AVAILABLE DATA >>

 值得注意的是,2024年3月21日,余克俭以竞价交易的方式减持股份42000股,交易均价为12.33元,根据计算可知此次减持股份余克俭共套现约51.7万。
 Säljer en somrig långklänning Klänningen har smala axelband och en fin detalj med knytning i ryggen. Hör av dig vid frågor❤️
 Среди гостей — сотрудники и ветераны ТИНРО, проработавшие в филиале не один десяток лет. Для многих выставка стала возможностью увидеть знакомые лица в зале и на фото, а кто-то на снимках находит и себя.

...

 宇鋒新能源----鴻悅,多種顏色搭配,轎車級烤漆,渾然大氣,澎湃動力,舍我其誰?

--

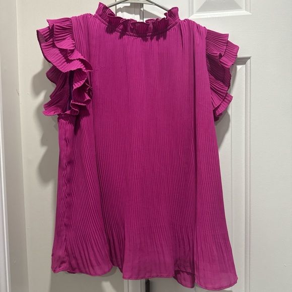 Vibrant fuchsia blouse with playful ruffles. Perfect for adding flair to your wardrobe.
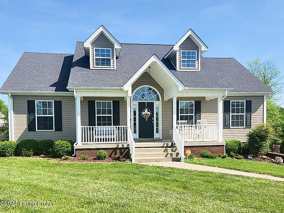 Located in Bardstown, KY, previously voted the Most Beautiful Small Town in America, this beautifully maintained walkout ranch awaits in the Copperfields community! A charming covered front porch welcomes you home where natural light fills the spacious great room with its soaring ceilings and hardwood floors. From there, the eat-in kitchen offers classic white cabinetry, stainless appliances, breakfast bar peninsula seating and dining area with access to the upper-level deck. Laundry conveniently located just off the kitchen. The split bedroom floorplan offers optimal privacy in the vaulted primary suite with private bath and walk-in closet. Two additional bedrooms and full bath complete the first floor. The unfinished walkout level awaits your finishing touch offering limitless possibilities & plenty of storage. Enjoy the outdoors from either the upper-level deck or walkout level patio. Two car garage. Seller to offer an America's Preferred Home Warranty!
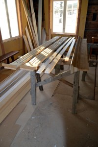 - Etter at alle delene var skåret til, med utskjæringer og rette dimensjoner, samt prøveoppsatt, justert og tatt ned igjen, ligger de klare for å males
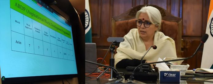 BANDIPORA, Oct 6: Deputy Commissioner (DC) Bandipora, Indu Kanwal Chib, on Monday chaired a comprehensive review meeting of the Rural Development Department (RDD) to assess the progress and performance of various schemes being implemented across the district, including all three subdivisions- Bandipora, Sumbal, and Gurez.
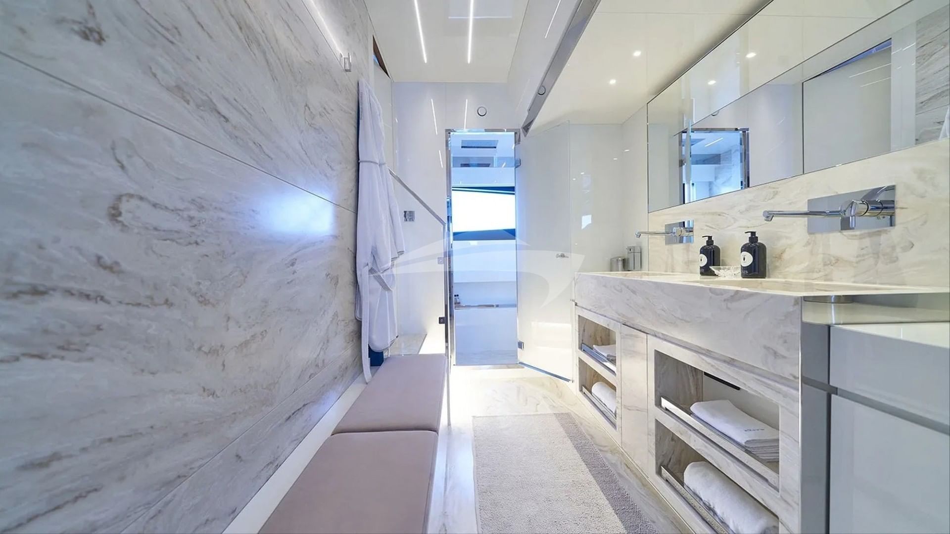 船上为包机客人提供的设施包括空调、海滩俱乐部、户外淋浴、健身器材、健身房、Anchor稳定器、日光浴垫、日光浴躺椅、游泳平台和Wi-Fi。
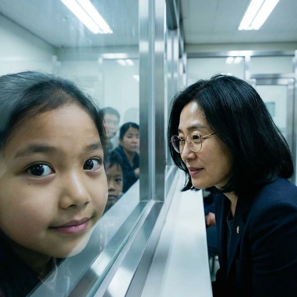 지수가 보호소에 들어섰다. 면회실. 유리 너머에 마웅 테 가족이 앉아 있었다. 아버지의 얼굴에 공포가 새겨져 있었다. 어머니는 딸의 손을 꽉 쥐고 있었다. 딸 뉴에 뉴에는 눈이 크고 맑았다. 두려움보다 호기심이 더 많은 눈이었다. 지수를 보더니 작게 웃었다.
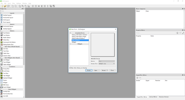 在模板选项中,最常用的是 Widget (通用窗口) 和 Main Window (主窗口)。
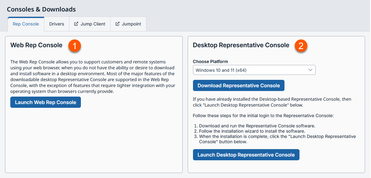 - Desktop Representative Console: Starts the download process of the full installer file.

DESCRIPTION OF THE TASK >> Send back exactly the lines of the listing above starting at the one with "值得注意的是,2024年3月" and ending at the one with "Среди гостей —", inclusive, and no others.

RESPONSE TO THE TASK >>
 值得注意的是,2024年3月21日,余克俭以竞价交易的方式减持股份42000股,交易均价为12.33元,根据计算可知此次减持股份余克俭共套现约51.7万。
 Säljer en somrig långklänning Klänningen har smala axelband och en fin detalj med knytning i ryggen. Hör av dig vid frågor❤️
 Среди гостей — сотрудники и ветераны ТИНРО, проработавшие в филиале не один десяток лет. Для многих выставка стала возможностью увидеть знакомые лица в зале и на фото, а кто-то на снимках находит и себя.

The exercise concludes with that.